An ectopically induced HND is confined by boundary interactions of nucleosomes
We first applied the ChromHL model to an artificial system of a single HND with a well-defined nucleation point and no sequence-defined boundaries. Such an ectopic HND was created in experiments of Hathaway et al. by tethering HP1α to the Oct4 locus and inducing local H3K9me3 enrichment4. The experimentally determined H3K9me3 profiles decay to zero at distances of ~2,000 bp from the initiation site. We performed an optimisation with ChromHL to match this experimental H3K9me3 profile (Fig. 2D, Fig. S4). The heterochromatin spreading for this system is determined by three parameters: (i) The nucleosome binding activity of HP1 to H3K9me3-modified nucleosomes was estimated to be 10-fold stronger than that to unmodified H3K9 following previous publications18. (ii) The contact cooperativity value w for HP1-HP1 interaction has not been well defined in previous studies18,43,44. The best fit of the model to the H3K9me3 profile reported by Hathaway et al returned value of w = 4060. It is indicative of a significant positive binding cooperativity as compared to w = 1, which would represent independent binding of HP1 to adjacent nucleosomes. (iii) The parameter σ describes the “energetic boundary” between neighbouring chromatin packing types “e1” and “e2”. A value of σ = 1 would mean that this transition is not associated with energetic costs. However, for the ectopic HND our best fit required σ ~10-5. The magnitude of this σ-value is characteristic for highly cooperative transitions such as, for example, DNA melting45. The low value of σ ~10-5 means that the domains become intrinsically confined without additional DNA sequence-dependent contributions. This behaviour is different from endogenous HNDs considered below.
ChromHL predicts experimental maps of endogenous HNDs in living cells
The nucleation sites of endogenous HNDs are determined by the genomic location of PAX3/9, ADNP and L1 sequence motifs derived above. When combined, they allowed a good match between computationally predicted and experimental HND profiles as shown for an exemplary region in ESCs (Fig. 2E, F). In addition, taking into account CTCF binding led to even better match of theory and experiment (Fig. 2F) as opposed to the model without CTCF (Fig. 2E, Fig. S5). Thus, endogenous HNDs depend to a larger degree on the DNA sequence than the ectopic HND (Fig. 2D). On the other hand, adding strong nucleosome-nucleosome interactions with σ ~10-5 as in the ectopic example leads in the case of endogenous HNDs to merging of the neighbouring nanodomains, while the fine structure of the H3K9me3 profile is lost (Fig. S5, Fig. S7). In the case of the endogenous SUV39H HNDs, a better fit was obtained with σ ~1. This means that the energy of nucleosome-nucleosome interactions at HND boundary does not exhibit any abrupt change, and CTCF binding is the main determinant of boundary formation.
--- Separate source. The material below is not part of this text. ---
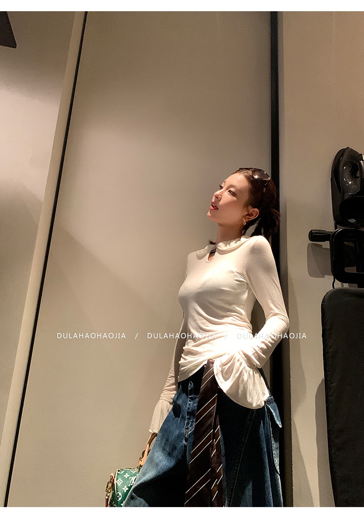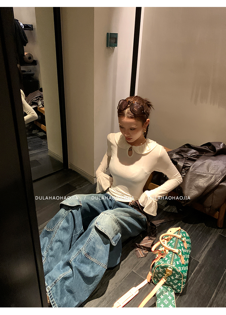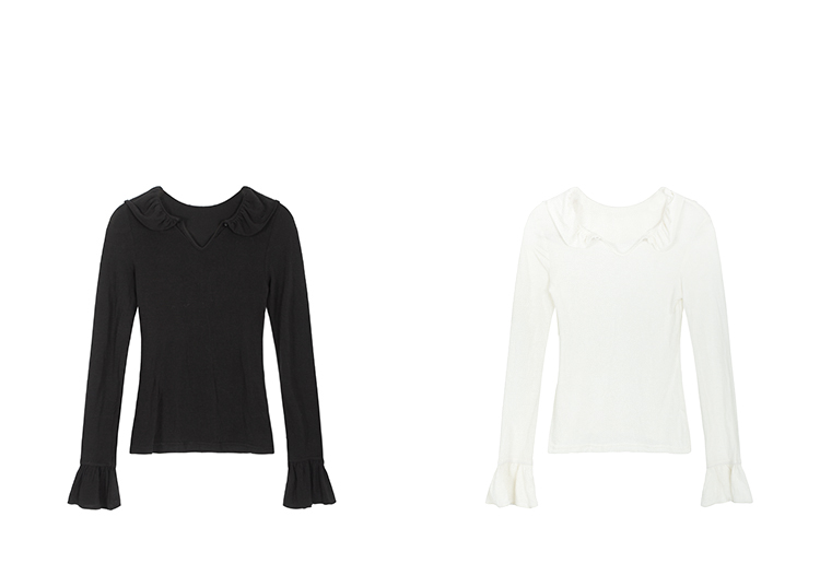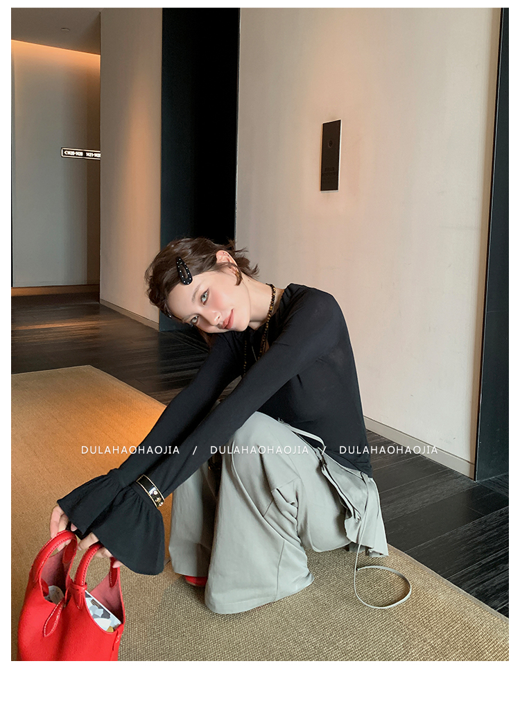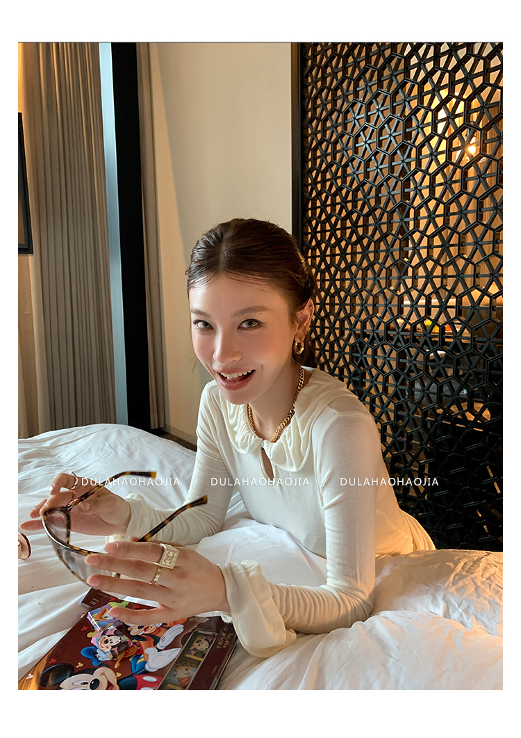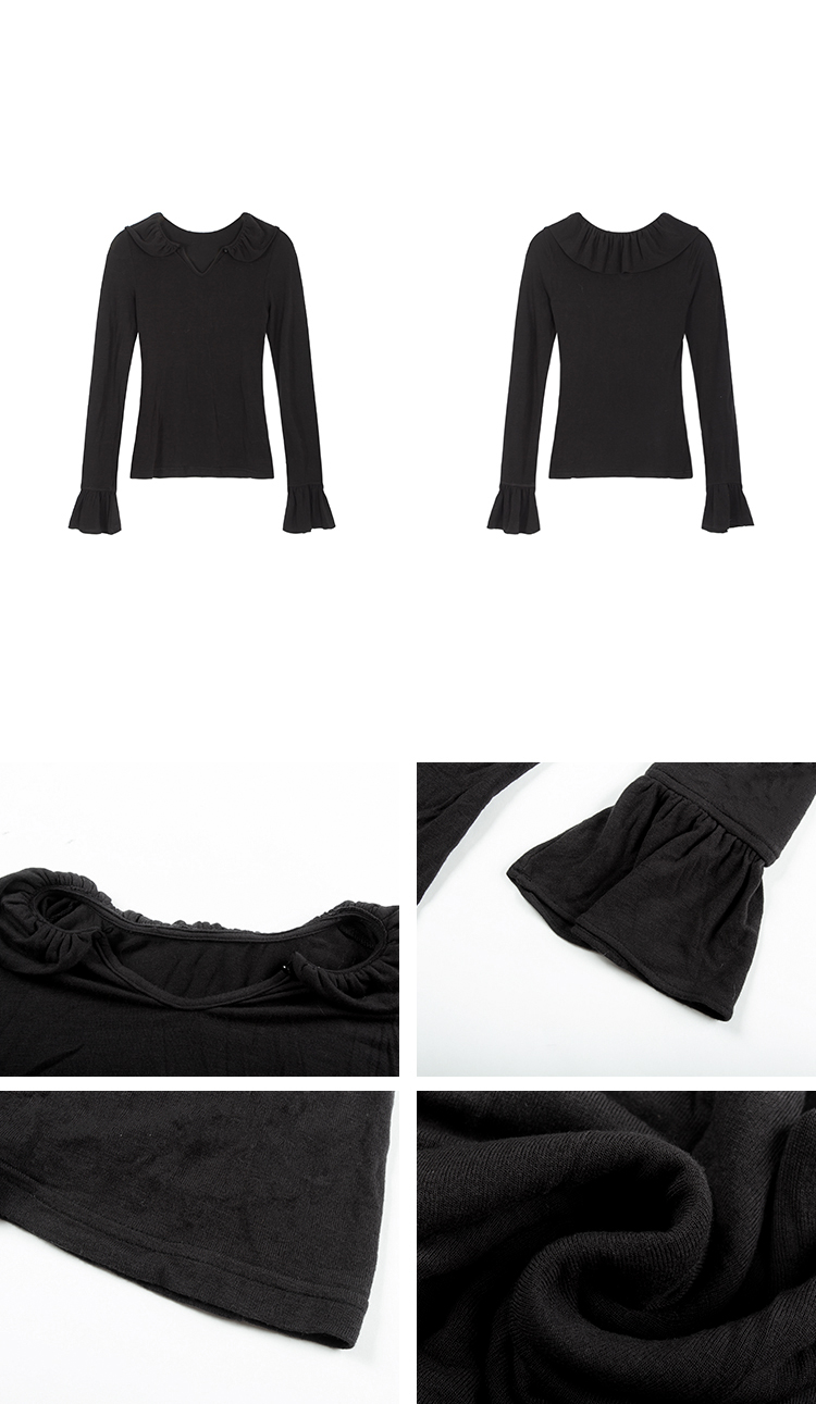 DULA doll collar slim bottoming shirt trumpet sleeve T-shirt

This model results in a larger number of smaller HNDs as the DNA sequence introduces many additional constrains to HND sizes (Fig. S5, S7). Thus, ChromHL allows us to separate different contributions of genetic and epigenetic interactions to the domain boundaries.
Average endogenous nanodomain profiles have a typical extension of 0.7-2 kb
The characteristic aggregated H3K9me3 profiles of SUV39H-, GLP- ADNP- and ATRX-dependent HNDs in ESCs are shown in Fig. 3. These experimental profiles were obtained by averaging all individual regions with the corresponding heterochromatin subtypes centred at the summits of ChIP-seq peaks (H3K9me3 in the case of SUV39H, ADNP and ATRX, and H3K9me2 in the case of GLP). The resulting profiles resemble that of the ectopically induced H3K9me3 domain (Fig. 2D). Accordingly, the computational analysis of the aggregated data with the ChromHL model yielded a very good fit to the same model that was used for the ectopic HND: a central nucleation site and self-contained extension due to an unfavourable chromatin state transition as reflected by a low σ value (Fig. 3, Fig. S4). However, a closer inspection of the data reveals a significant variation of σ with a relatively high value of σ = 0.14 retrieved for SUV39H HNDs. Importantly, the information about molecular mechanisms that define the boundaries for individual regions is lost in the aggregated plots. Therefore, in the next part of this study we perform genome-wide analysis of individual domains.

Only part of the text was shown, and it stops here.